Victor Brazelton lives in Oakland now, but he is from Sacramento. 

"I grew up in Oak Park. My grandma was in Oak Park. It was home. It used to be where we could be in Oak Park and live in a home for $700-800. But once folks purchased these homes again, it was $1,000, then $1,300, then $1,500. We just kept seeing these rent increases," Brazelton said.

Brazelton says at one point, he and his two siblings all shared a home. 

"And once we got to the point where we couldn't afford to live in that space anymore, I lived in a park in Oak Park for a while," he recalled.

Brazelton described what it was like the first morning that he woke up homeless.

"It was shocking. How did I get here?

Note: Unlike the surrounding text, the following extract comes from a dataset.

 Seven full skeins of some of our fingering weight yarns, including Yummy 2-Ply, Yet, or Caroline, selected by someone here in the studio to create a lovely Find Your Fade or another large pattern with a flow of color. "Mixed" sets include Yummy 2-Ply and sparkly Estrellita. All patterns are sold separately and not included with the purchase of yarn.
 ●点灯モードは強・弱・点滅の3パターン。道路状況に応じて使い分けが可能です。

What do I do now? Where am I going to go to the bathroom? What am I going to do today? How am I going to get out of this situation? Where am I going to sleep?"

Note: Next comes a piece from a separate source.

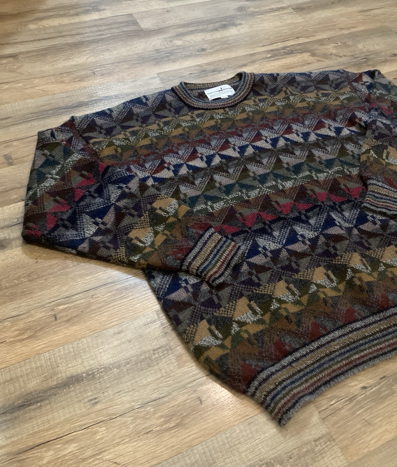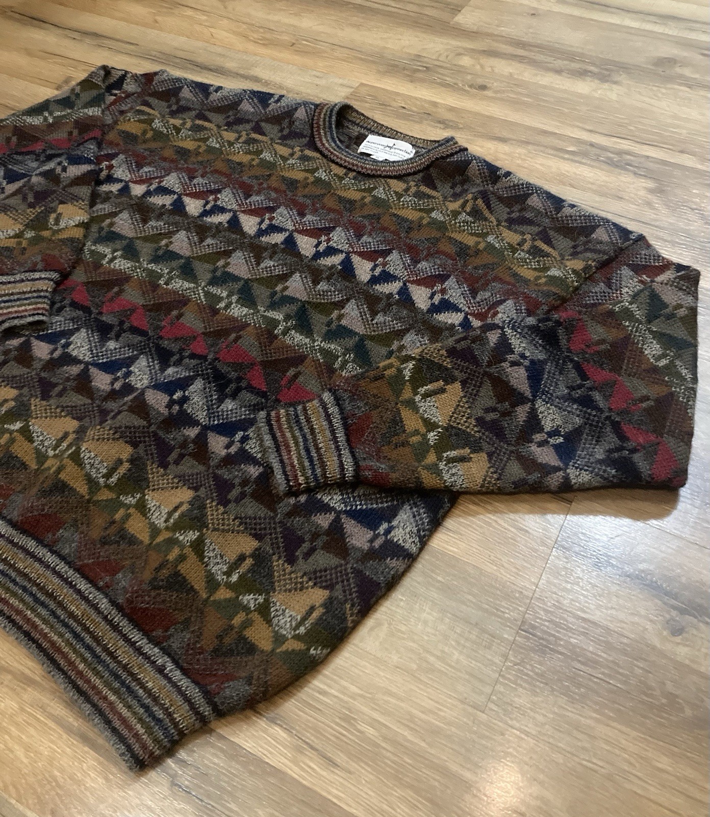 The Peruvian Connection Geometric 100% Alpaca Sweater in Multi-Color is a vibrant and stylish piece perfect for travel or casual occasions. The XL size and regular fit make it comfortable for both men and women. This vintage sweater features a crew neck and a colorful geometric pattern, making it a versatile option for all seasons. Hand wash only to preserve the quality of this unique garment from Bolivia.

And his story is not unique. Brazelton told ABC10 he knows of several other people who experienced the same things he did.

"[I know] people who have children and people who are sleeping in cars. These are people who are working. Sometimes they're working 2-3 jobs and return to a car to sleep in," said Brazelton.

Numbers from Sacramento Steps Forward, a local non-profit, show there was a 19% increase in homelessness in Sacramento County alone. The study came out in June 2019. Brazelton believes there's a link to gentrification. 

Tanya Faison, a community activist with Black Lives Matter, agrees. She says Black Lives Matter has been fighting Oak Park gentrification for years.

"Redevelopment is great if that's all it is. But when it's displacing people then that's when it's a problem. And it's been going on in Oak Park for like a decade now," Faison said.

Faison says the impact is different for everyone, but the formula is basically the same.

"The owner of the property says that they have to move and they don't have to give them a reason... They give them 60 days to move and [the residents] can't find anything affordable now because everything is just so expensive in Oak Park right now."

ABC10 has talked to community organizers who say there are low-income housing options in Oak Park to help with displacement, but they admit they need more.